__Available data__:
╔══
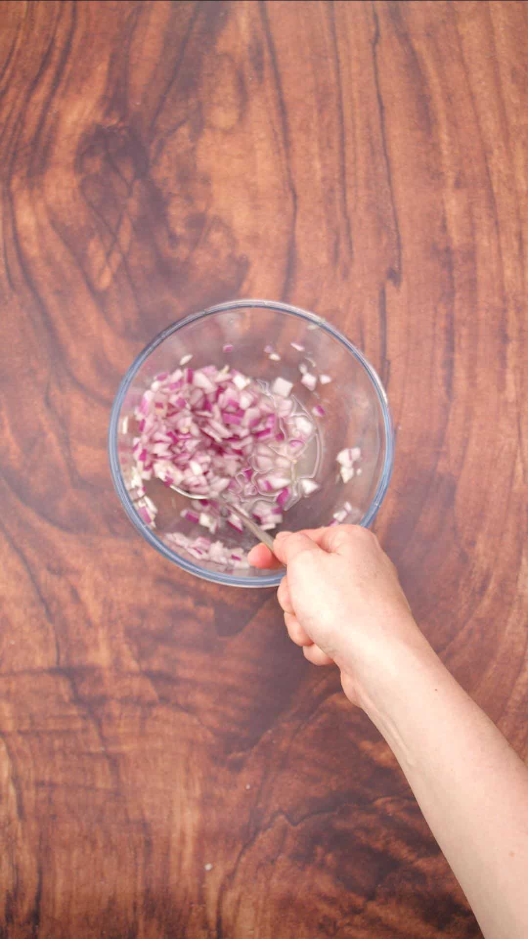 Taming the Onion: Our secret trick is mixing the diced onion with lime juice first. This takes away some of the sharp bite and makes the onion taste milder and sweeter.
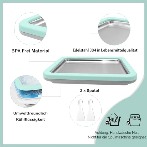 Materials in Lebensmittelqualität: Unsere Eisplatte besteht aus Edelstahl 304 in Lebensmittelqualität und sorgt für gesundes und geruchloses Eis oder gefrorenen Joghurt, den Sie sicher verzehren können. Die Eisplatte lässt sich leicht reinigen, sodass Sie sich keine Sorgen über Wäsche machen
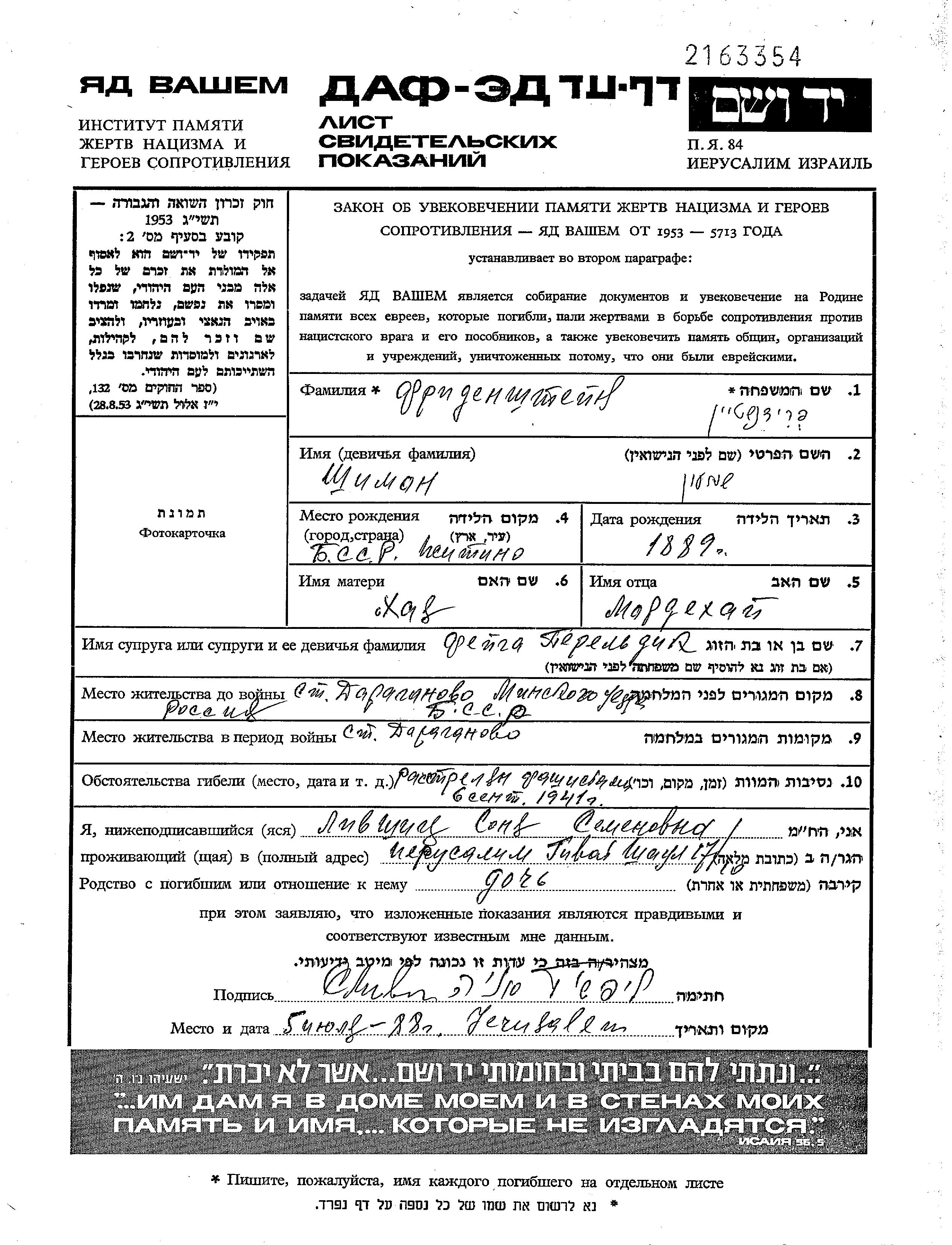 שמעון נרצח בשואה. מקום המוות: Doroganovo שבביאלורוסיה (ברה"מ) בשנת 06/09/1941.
╚══
Reproduce the entire listing exactly, except for any pictures it contains.

__Your solution__:
 Taming the Onion: Our secret trick is mixing the diced onion with lime juice first. This takes away some of the sharp bite and makes the onion taste milder and sweeter.
 Materials in Lebensmittelqualität: Unsere Eisplatte besteht aus Edelstahl 304 in Lebensmittelqualität und sorgt für gesundes und geruchloses Eis oder gefrorenen Joghurt, den Sie sicher verzehren können. Die Eisplatte lässt sich leicht reinigen, sodass Sie sich keine Sorgen über Wäsche machen
 שמעון נרצח בשואה. מקום המוות: Doroganovo שבביאלורוסיה (ברה"מ) בשנת 06/09/1941.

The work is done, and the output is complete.